When it came time to renovate and expand the old home, it is no wonder that Starr and his longtime partner, Ginny Dean, wanted to honor and retain as much as possible of the original form and vision. For help with this, they turned to the husband-and-wife team of William Hanley and Heli Mesiniemi of WMH Architects in nearby Northeast Harbor.
“It was clear from the start that this house is all about the windows,” says Hanley. “Therefore, before we even sat down to start sketching out designs, we called our local Marvin Windows representative to help give us ideas about what products we could use to help the addition seamlessly integrate into the existing residence.”
While the owners opted to keep the original portion of the house as it was built—without heat or insulation— they recognized the need to adapt the newer part to withstand the harsh Maine weather in order to extend their use of the home.
“There’s a saying up here that Maine has 10 months of winter and two months of poor sledding,” jokes Starr. For that reason, the architects chose Marvin Double-Glazed, Low-E windows and doors in the addition and Marvin Direct-Glaze, Single-Pane Casement and Awning windows in the older portion to retain the authentic character.

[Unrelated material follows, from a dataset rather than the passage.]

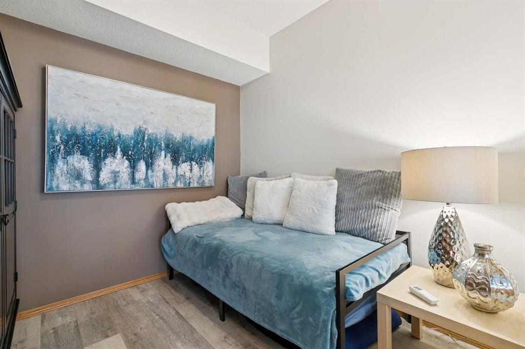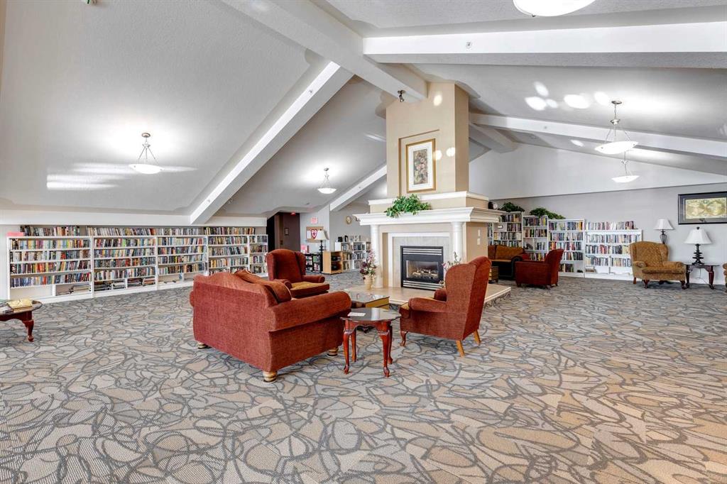 Welcome to this beautifully maintained 2 bedroom plus condo in the highly sought-after 40+ adult-living community of Sierras of Tuscany. Offering a perfect blend of comfort, space, and lifestyle. The spacious living area is warm and inviting, featuring a cozy gas fireplace—perfect for relaxing evenings. The classic kitchen is both functional and timeless, complete with quartz countertops and ample cabinetry, flowing seamlessly into a bright eating area filled with natural light. The large primary bedroom offers a peaceful retreat with a walk-in closet and private ensuite while a separate bedroom/den provides the perfect space for a home office or guest area. An additional 3-piece bathroom adds convenience for visitors. What truly sets this property apart is the exceptional range of amenities available within the complex. Residents enjoy access to an impressive indoor saltwater pool, hot tub, fitness facilities, bowling alley, movie theatre, ballroom, games room with pool tables, workshop, car wash, and more. Creative spaces like the arts & crafts room and community kitchen foster connection, while the library and quiet reading areas showcase stunning panoramic views of the Rocky Mountains. For visiting family and friends, well-appointed guest suites are also available. A rare opportunity to enjoy resort-style living in a vibrant and welcoming community.

When viewed from the water, the original design’s roof slopes steeply to the south. The addition is close to a mirror image, but the roof slopes steeply to the north, creating what Starr calls a butterfly effect. “Jud likes to say that when they leave the house, it flies away,” says Hanley.

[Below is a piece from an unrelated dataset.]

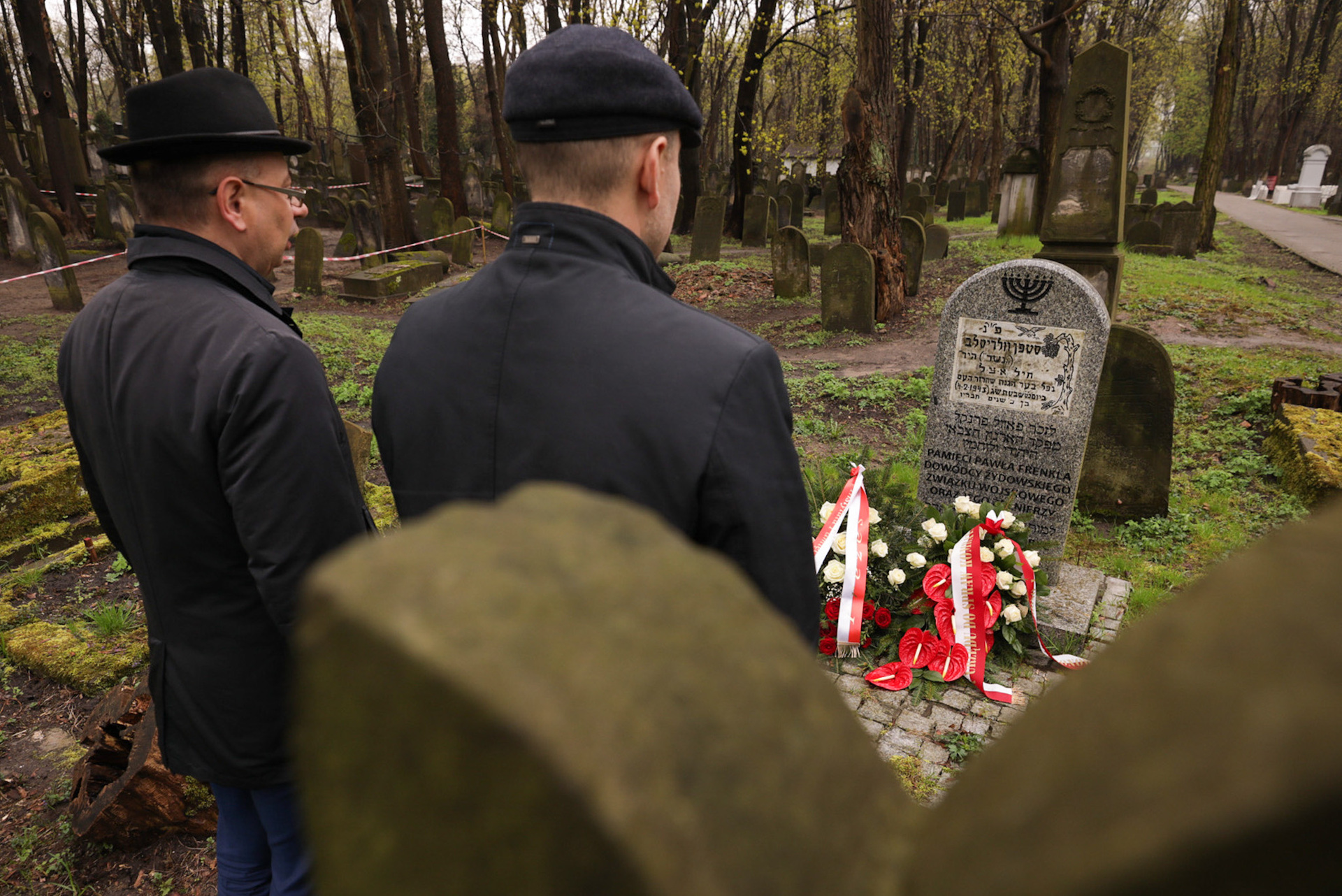 Wcześniej, w godzinach porannych prezes Instytutu Pamięci Narodowej dr Karol Nawrocki i zastępca prezesa – dr Mateusz Szpytma oddali hołd jednemu z przywódców powstania w getcie warszawskim, dowodzącemu Żydowskim Związkiem Wojskowym Pawłowi Frenkelowi, składając wieniec na jego symbolicznym grobie na Cmentarzu Żydowskim na warszawskiej Woli.

Inside, the addition blends seamlessly with the original house. “Anyone who had not been here before the renovation would not be able to tell where the original structure ends and the new one begins,” says Dean.
At 3,800 square feet, the finished home is now nearly doubled in size with over 80 windows capturing glimpses of Acadia’s rolling mountains, pine-studded islands and the open sea beyond. Starr is thrilled with the outcome, and he is looking forward to many Maine adventures with his son, Alexander, and his two grandchildren—the fourth generation of Starrs to enjoy the family legacy and the golden hour on Blue Hill Bay.